● PROBLEM DESCRIPTION
If a record holds a picture, leave the picture out and print everything else exactly.

● EXERCISE MATERIALS
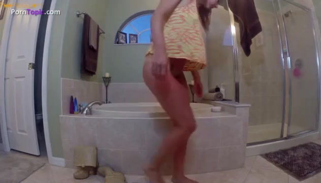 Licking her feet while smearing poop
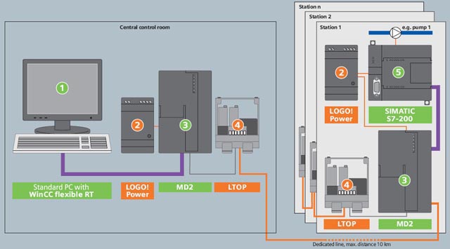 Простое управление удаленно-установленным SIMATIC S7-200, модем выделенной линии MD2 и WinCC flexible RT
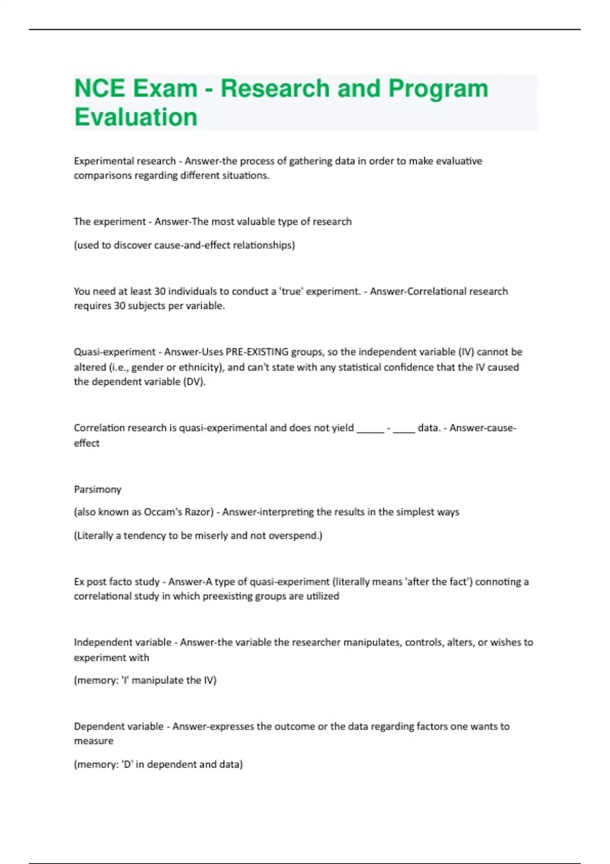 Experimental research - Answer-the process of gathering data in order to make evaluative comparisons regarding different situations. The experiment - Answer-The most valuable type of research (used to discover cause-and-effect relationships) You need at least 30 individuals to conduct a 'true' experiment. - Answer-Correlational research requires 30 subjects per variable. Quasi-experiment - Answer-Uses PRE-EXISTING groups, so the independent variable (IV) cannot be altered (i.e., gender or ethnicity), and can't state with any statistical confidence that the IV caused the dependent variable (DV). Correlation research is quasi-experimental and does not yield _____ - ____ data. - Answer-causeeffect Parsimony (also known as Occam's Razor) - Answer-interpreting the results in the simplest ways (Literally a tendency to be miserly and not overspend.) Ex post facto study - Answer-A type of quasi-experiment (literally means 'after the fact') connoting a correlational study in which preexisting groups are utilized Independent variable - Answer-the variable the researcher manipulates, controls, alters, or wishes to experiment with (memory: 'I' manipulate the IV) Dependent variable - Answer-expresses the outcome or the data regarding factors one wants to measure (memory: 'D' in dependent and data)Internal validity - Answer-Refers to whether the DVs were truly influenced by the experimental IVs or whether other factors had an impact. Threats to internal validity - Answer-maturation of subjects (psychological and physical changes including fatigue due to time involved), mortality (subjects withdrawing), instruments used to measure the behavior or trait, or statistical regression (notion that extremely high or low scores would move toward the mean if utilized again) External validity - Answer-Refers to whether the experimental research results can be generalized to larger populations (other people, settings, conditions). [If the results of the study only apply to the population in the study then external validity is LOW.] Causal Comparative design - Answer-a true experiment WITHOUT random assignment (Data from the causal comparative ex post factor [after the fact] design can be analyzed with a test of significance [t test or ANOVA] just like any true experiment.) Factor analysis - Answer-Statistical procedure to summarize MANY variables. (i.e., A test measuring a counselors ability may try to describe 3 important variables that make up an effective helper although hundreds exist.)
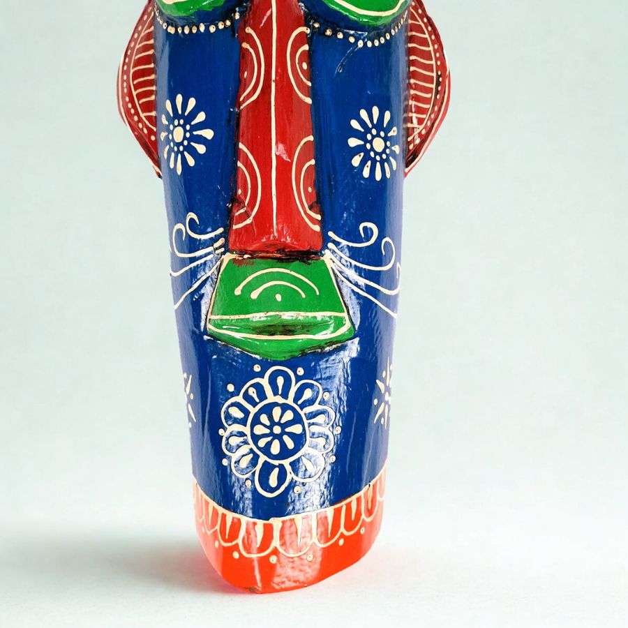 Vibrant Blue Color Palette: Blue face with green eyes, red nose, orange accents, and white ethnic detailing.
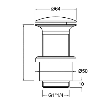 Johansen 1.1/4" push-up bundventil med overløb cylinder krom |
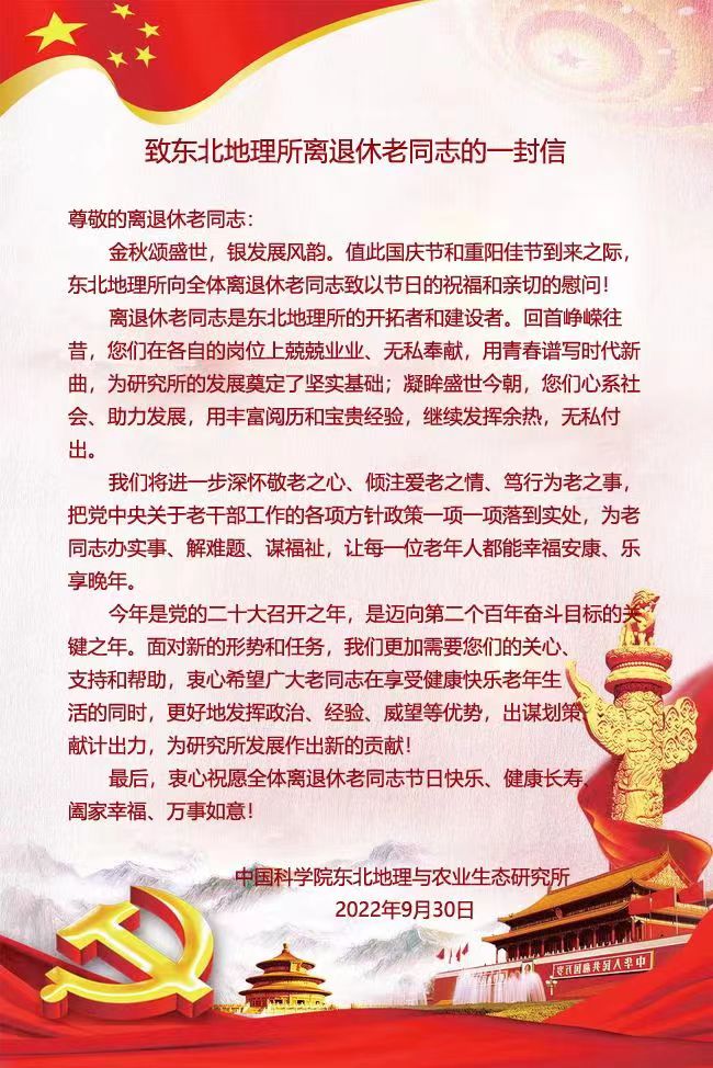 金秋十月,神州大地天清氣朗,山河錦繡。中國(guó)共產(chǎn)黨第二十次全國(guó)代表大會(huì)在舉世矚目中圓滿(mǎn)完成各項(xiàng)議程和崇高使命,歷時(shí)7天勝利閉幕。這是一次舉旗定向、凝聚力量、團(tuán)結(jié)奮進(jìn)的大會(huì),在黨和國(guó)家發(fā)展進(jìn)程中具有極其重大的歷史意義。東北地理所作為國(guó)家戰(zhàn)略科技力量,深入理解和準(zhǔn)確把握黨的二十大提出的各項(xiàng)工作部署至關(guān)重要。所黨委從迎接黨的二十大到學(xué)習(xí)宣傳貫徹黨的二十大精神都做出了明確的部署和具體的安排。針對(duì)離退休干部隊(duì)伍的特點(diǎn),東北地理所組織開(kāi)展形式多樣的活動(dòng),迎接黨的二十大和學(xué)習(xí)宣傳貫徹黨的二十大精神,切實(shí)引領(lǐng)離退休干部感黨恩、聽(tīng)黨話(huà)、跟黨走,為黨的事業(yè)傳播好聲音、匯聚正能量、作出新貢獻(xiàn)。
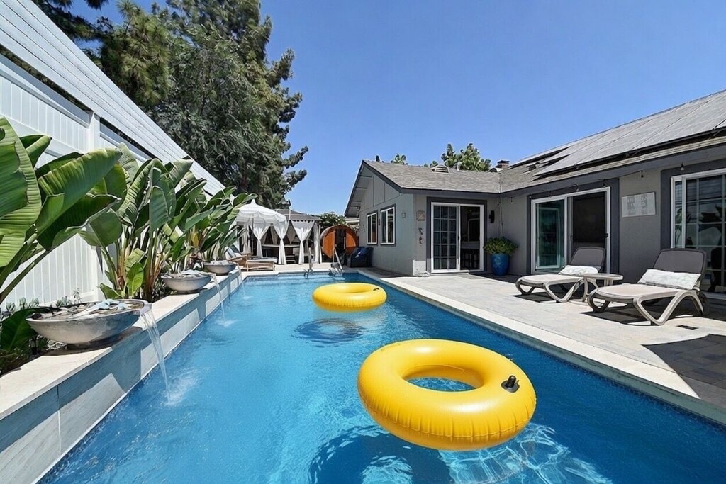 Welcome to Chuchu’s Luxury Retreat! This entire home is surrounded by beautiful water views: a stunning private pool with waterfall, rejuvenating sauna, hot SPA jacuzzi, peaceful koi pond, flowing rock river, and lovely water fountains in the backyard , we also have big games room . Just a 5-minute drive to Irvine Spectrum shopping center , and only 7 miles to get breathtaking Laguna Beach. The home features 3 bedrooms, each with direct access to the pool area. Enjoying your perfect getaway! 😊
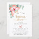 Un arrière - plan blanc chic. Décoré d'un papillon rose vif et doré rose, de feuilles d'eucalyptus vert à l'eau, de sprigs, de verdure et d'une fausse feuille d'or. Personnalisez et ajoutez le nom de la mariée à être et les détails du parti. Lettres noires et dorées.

● OUTPUT OF THE EXERCISE
 Licking her feet while smearing poop
 Простое управление удаленно-установленным SIMATIC S7-200, модем выделенной линии MD2 и WinCC flexible RT
 Experimental research - Answer-the process of gathering data in order to make evaluative comparisons regarding different situations. The experiment - Answer-The most valuable type of research (used to discover cause-and-effect relationships) You need at least 30 individuals to conduct a 'true' experiment. - Answer-Correlational research requires 30 subjects per variable. Quasi-experiment - Answer-Uses PRE-EXISTING groups, so the independent variable (IV) cannot be altered (i.e., gender or ethnicity), and can't state with any statistical confidence that the IV caused the dependent variable (DV). Correlation research is quasi-experimental and does not yield _____ - ____ data. - Answer-causeeffect Parsimony (also known as Occam's Razor) - Answer-interpreting the results in the simplest ways (Literally a tendency to be miserly and not overspend.) Ex post facto study - Answer-A type of quasi-experiment (literally means 'after the fact') connoting a correlational study in which preexisting groups are utilized Independent variable - Answer-the variable the researcher manipulates, controls, alters, or wishes to experiment with (memory: 'I' manipulate the IV) Dependent variable - Answer-expresses the outcome or the data regarding factors one wants to measure (memory: 'D' in dependent and data)Internal validity - Answer-Refers to whether the DVs were truly influenced by the experimental IVs or whether other factors had an impact. Threats to internal validity - Answer-maturation of subjects (psychological and physical changes including fatigue due to time involved), mortality (subjects withdrawing), instruments used to measure the behavior or trait, or statistical regression (notion that extremely high or low scores would move toward the mean if utilized again) External validity - Answer-Refers to whether the experimental research results can be generalized to larger populations (other people, settings, conditions). [If the results of the study only apply to the population in the study then external validity is LOW.] Causal Comparative design - Answer-a true experiment WITHOUT random assignment (Data from the causal comparative ex post factor [after the fact] design can be analyzed with a test of significance [t test or ANOVA] just like any true experiment.) Factor analysis - Answer-Statistical procedure to summarize MANY variables. (i.e., A test measuring a counselors ability may try to describe 3 important variables that make up an effective helper although hundreds exist.)
 Vibrant Blue Color Palette: Blue face with green eyes, red nose, orange accents, and white ethnic detailing.
 Johansen 1.1/4" push-up bundventil med overløb cylinder krom |
 金秋十月,神州大地天清氣朗,山河錦繡。中國(guó)共產(chǎn)黨第二十次全國(guó)代表大會(huì)在舉世矚目中圓滿(mǎn)完成各項(xiàng)議程和崇高使命,歷時(shí)7天勝利閉幕。這是一次舉旗定向、凝聚力量、團(tuán)結(jié)奮進(jìn)的大會(huì),在黨和國(guó)家發(fā)展進(jìn)程中具有極其重大的歷史意義。東北地理所作為國(guó)家戰(zhàn)略科技力量,深入理解和準(zhǔn)確把握黨的二十大提出的各項(xiàng)工作部署至關(guān)重要。所黨委從迎接黨的二十大到學(xué)習(xí)宣傳貫徹黨的二十大精神都做出了明確的部署和具體的安排。針對(duì)離退休干部隊(duì)伍的特點(diǎn),東北地理所組織開(kāi)展形式多樣的活動(dòng),迎接黨的二十大和學(xué)習(xí)宣傳貫徹黨的二十大精神,切實(shí)引領(lǐng)離退休干部感黨恩、聽(tīng)黨話(huà)、跟黨走,為黨的事業(yè)傳播好聲音、匯聚正能量、作出新貢獻(xiàn)。
 Welcome to Chuchu’s Luxury Retreat! This entire home is surrounded by beautiful water views: a stunning private pool with waterfall, rejuvenating sauna, hot SPA jacuzzi, peaceful koi pond, flowing rock river, and lovely water fountains in the backyard , we also have big games room . Just a 5-minute drive to Irvine Spectrum shopping center , and only 7 miles to get breathtaking Laguna Beach. The home features 3 bedrooms, each with direct access to the pool area. Enjoying your perfect getaway! 😊
 Un arrière - plan blanc chic. Décoré d'un papillon rose vif et doré rose, de feuilles d'eucalyptus vert à l'eau, de sprigs, de verdure et d'une fausse feuille d'or. Personnalisez et ajoutez le nom de la mariée à être et les détails du parti. Lettres noires et dorées.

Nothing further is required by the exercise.